The WTO’s Dispute Settlement Body (DSB) saw some formal complaints involving Argentina, after no agreements were reached in consultations with their trading partners. On the one hand, Mexico, United States, the EU, and Japan requested an arbitration panel be set up to examine various measures imposed by Argentina on its foreign purchases. Similarly, Panama requested from the WTO consultations on certain restrictions that Argentina is allegedly applying to imports of goods and services. On the other hand, Argentina formally sued United States before the WTO for preventing the entry of meat and fresh lemons from Argentina, and the EU and Spain for the restrictions imposed on the importation of Argentine biodiesel.
Similarly, Argentina and Mexico agreed restart trading in the automobile sector, after the former suspended the application of Economic Complementation Agreement (ECA) No. 55 in the middle of this year. However, free trade as envisaged in ECA-55 will not apply; instead a quota will be set whereby Argentina may import from Mexico automotive products worth US$600 million (a reduction of 33%) over the next three years. In addition, the regional content to benefit from the agreement will go from 30% today to 40% by 2016.
 
Other relevant topics on the domestic agenda
 
Argentina became the first State Party to approve the MERCOSUR Customs Code, and there were two important meetings between the authorities of some of the bloc’s countries.

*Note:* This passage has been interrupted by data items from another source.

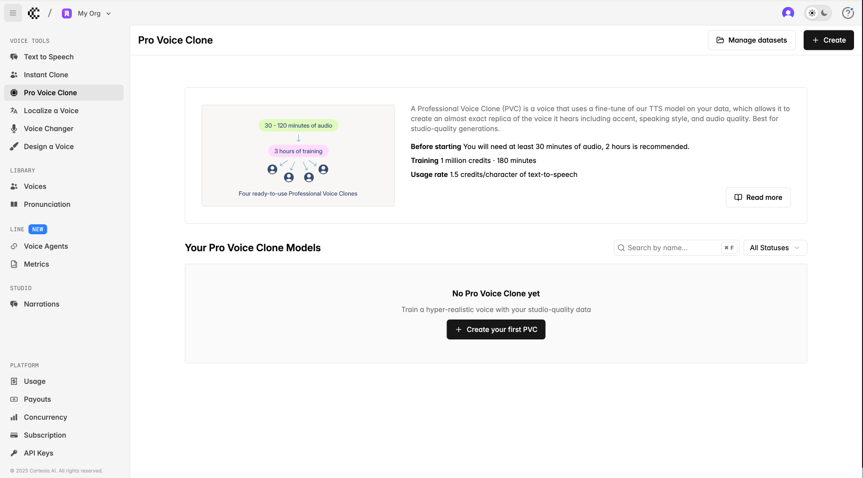 Pro Voice Cloning is available in the Playground for anyone with a Cartesia subscription of Startup or higher. It allows you to create highly accurate voice clones by leveraging a larger amount of data compared to instant cloning.| Feature | Required audio data | Pricing: cost to create | Pricing: cost to use for TTS |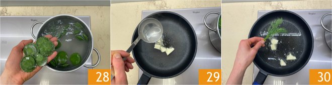 Cook the ravioli in plenty of salted water 28 until they float. In a pan, melt the butter with a scant ladle of pasta cooking water 29 and the dill 30.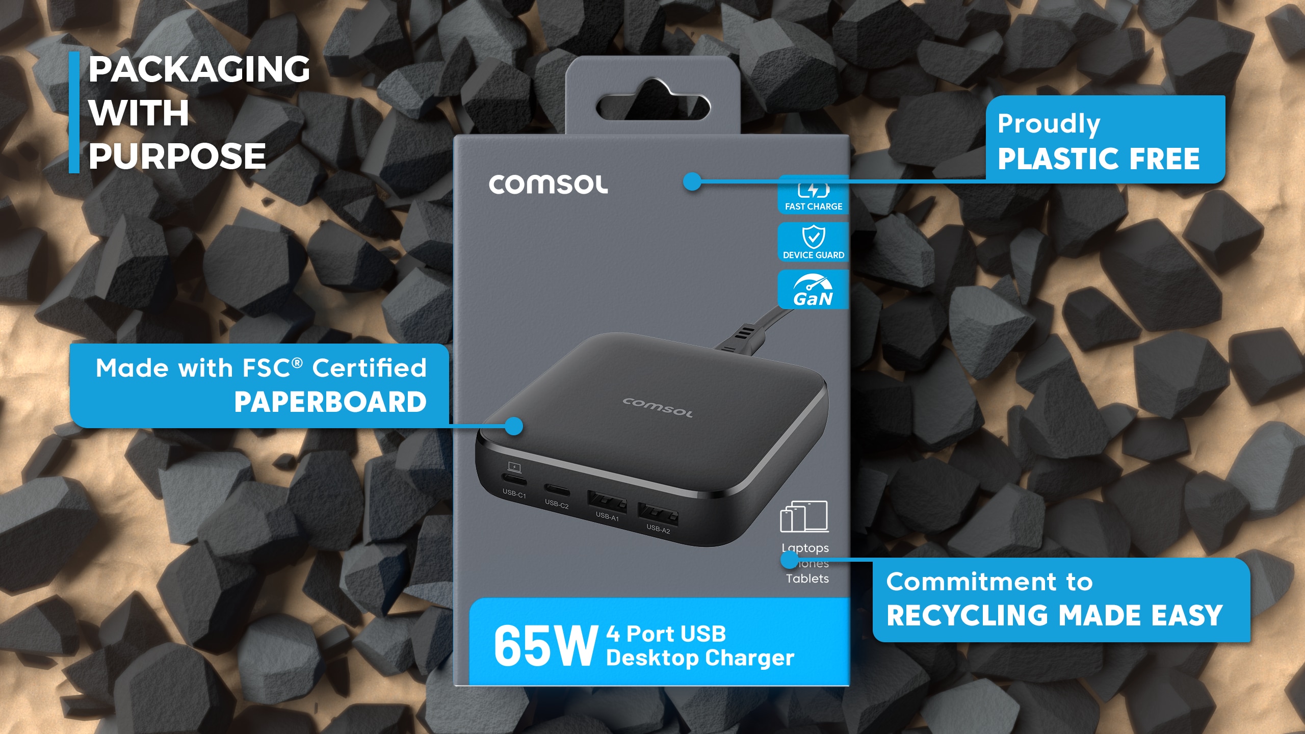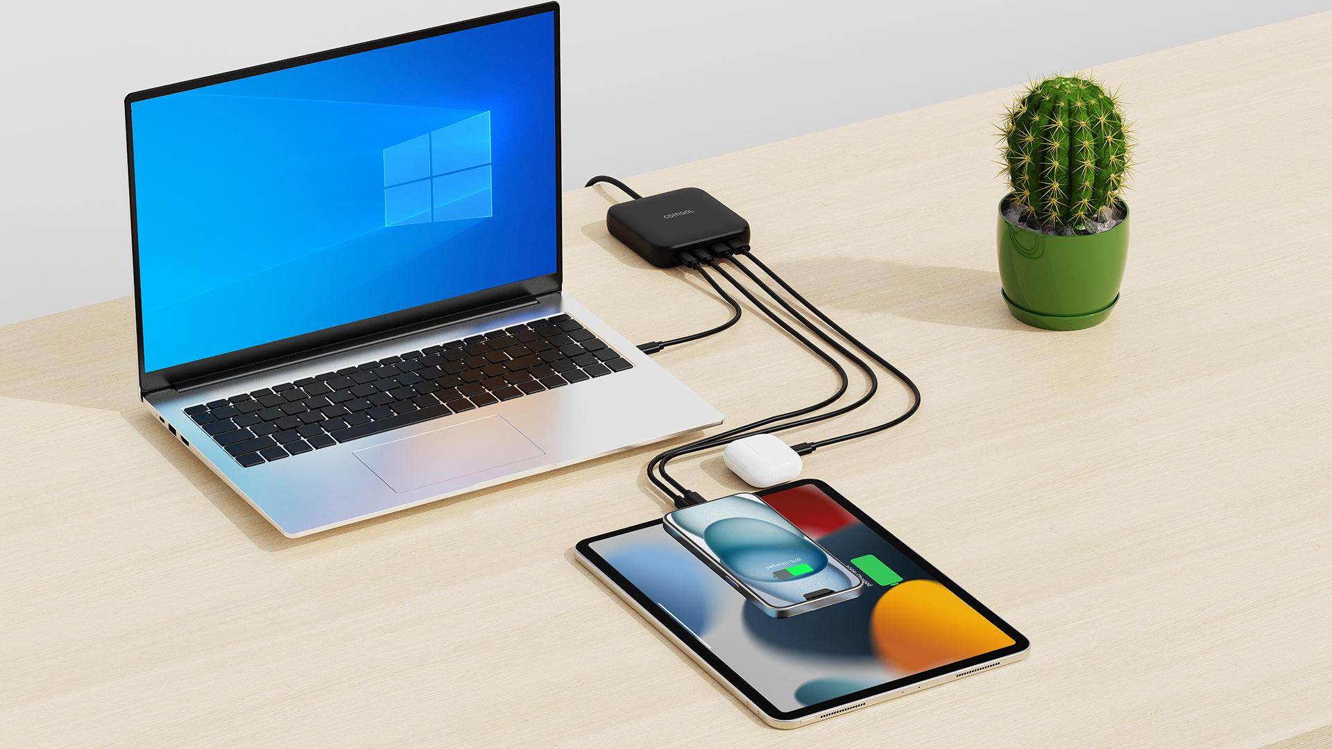 With 65W of power for charging a laptop, phone, iPad and AirPods at the same time

On the one hand, the presidents of Argentina and Brazil, Cristina Fernández and Dilma Rousseff, spoke at the 18th Argentine Industrial Conference. Both leaders stressed the importance of the bilateral relationship and, among other relevant aspects, the need to overcome the obstacles to integration between the two countries, to promote permanent dialogue between the public and private sectors, to strengthen the industrial sector through productive integration and the development of infrastructure, to stimulate innovation. The drop in bilateral trade (13.6% YOY between January and November of this year) is due, in Rousseff’s opinion, to the contraction of activity in the two countries and to administrative barriers to trade.
On the other hand, Brazil and Uruguay adopted an additional protocol for the free movement of goods and services, which provides, among other relevant aspects, for mechanisms and procedures on rules of origin, sanitary and phytosanitary measures, and anti-trust legislation. The two countries also made progress in the bilateral agenda in terms of productive integration, specifically as it relates to science and technology, telecommunications, software, and shipbuilding.




[1] See full list of CMC-approved Decisions at the Summit in Table 2.